但一般与其是用transposed convolution我们会选择用upsampling+3*3 conv(Deconvolution and Checkerboard Artifacts),具体原因请见这篇文章:Deconvolution and Checkerboard Artifacts (强烈安利distill,blog质量奇高)

再往下说,在实际做project的时候往往没有那么多的训练资源,所以我们得想办法把那些classification预训练模型嵌入到Unet中。ʕ•ᴥ•ʔ

把encoder替换预训练的模型的诀窍在于,如何很好的提取出pretrained models在不同尺度上提取出来的信息,并且如何把它们高效的接在decoder上。常见的用于嫁接的模型有Inception和Mobilenet,但我在这里就分析一下更直观一些的ResNet/ResNeXt这一类的模型:

 
     
def forward(self, x):
        x = self.conv1(x)
        x = self.bn1(x)
        x = self.relu(x)
        x = self.maxpool(x)


        x = self.layer1(x)
        x = self.layer2(x)
        x = self.layer3(x)
        x = self.layer4(x)


        x = self.avgpool(x)
        x = x.view(x.size(0), -1)
        x = self.fc(x)


        return x

我们可以很明显的看出不同尺度的feature map分别是由不同的layer来提取的,我们就可以从中选出几个来做concat,upsample,conv。唯一一点要注意的是千万不要错位concat,否则最后出来的output可能会和输入图大小不同。下面分享一个可行的搭法,其中为了提升各feature map的resolution我移去了原resnet conv1中的pool:

 
     
def __init__(self):
        super().__init__()
        self.resnet = models.resnet34(pretrained=True)
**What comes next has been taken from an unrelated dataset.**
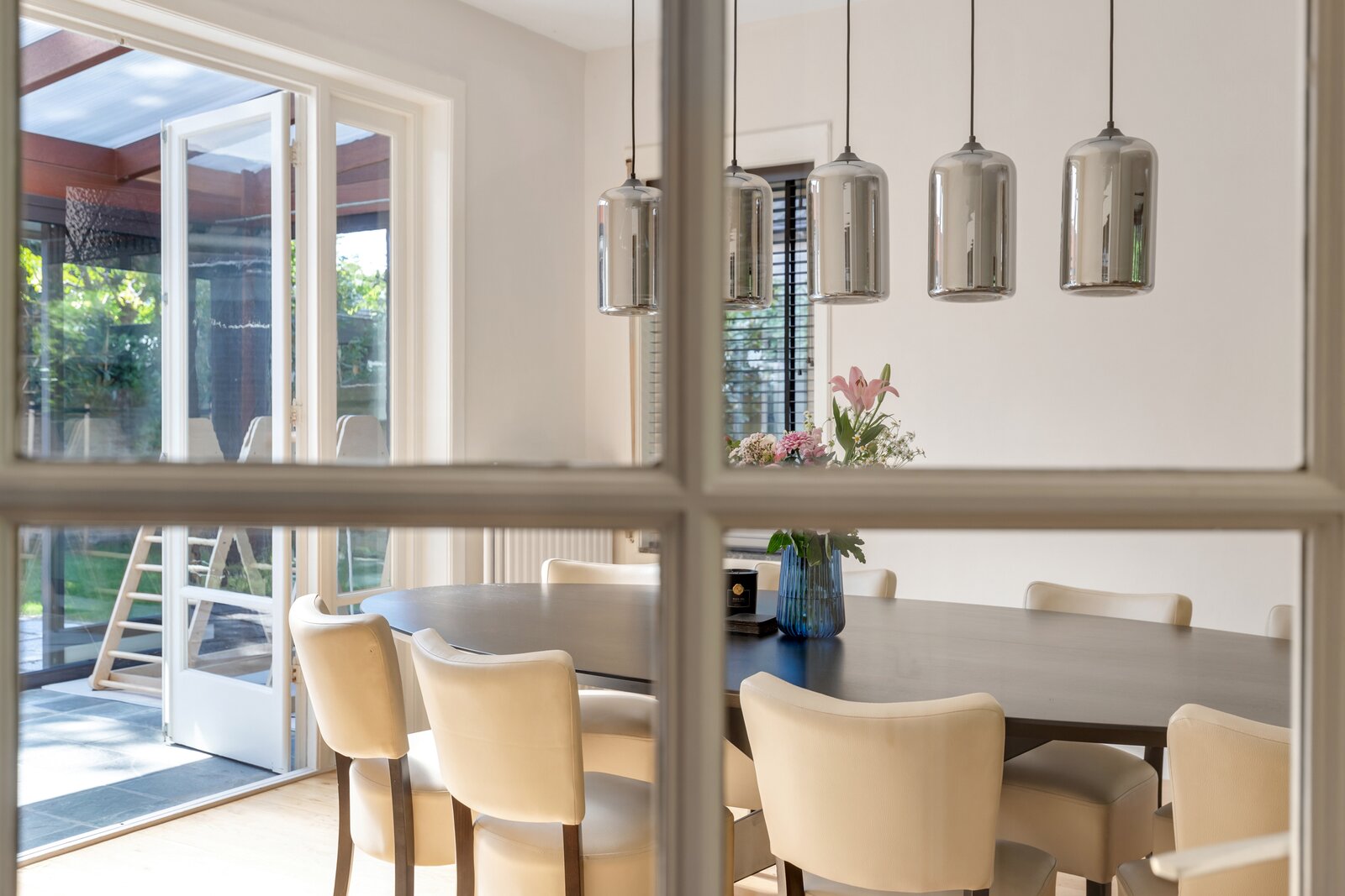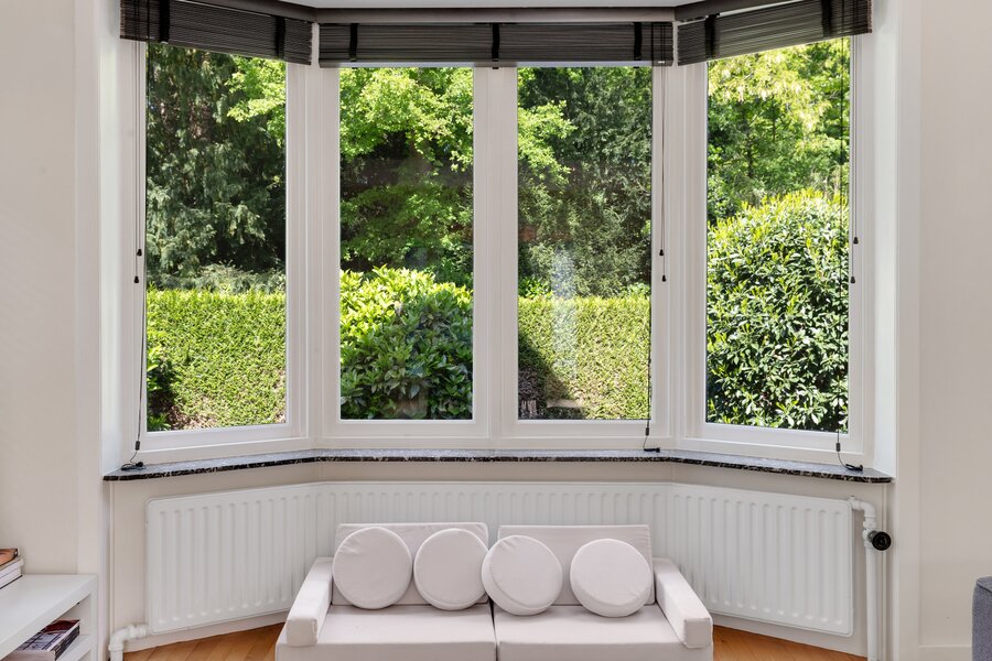 Entree met ruime hal, modern toilet en een werkkamer aan de voorzijde. De lichte woon-/eetkamer beschikt over hoge plafonds, een erker met een prachtig groen uitzicht en een sfeervolle open haard. Aan de achterzijde is een serre aanwezig. De gesloten keuken is voorzien van diverse inbouwapparatuur.

        self.conv1 = nn.Sequential(
            self.resnet.conv1,
            self.resnet.bn1,
            self.resnet.relu,
        )


        self.encoder2 = self.resnet.layer1 # 64
        self.encoder3 = self.resnet.layer2 #128
        self.encoder4 = self.resnet.layer3 #256
        self.encoder5 = self.resnet.layer4 #512


        self.center = nn.Sequential(
            ConvBn2d(512,512,kernel_size=3,padding=1),
            nn.ReLU(inplace=True),
            ConvBn2d(512,256,kernel_size=3,padding=1),
            nn.ReLU(inplace=True),
            nn.MaxPool2d(kernel_size=2,stride=2),
        )


        self.decoder5 = Decoder(256+512,512,64)
        self.decoder4 = Decoder(64 +256,256,64)
        self.decoder3 = Decoder(64 +128,128,64)
        self.decoder2 = Decoder(64 +64 ,64 ,64)
        self.decoder1 = Decoder(64     ,32 ,64)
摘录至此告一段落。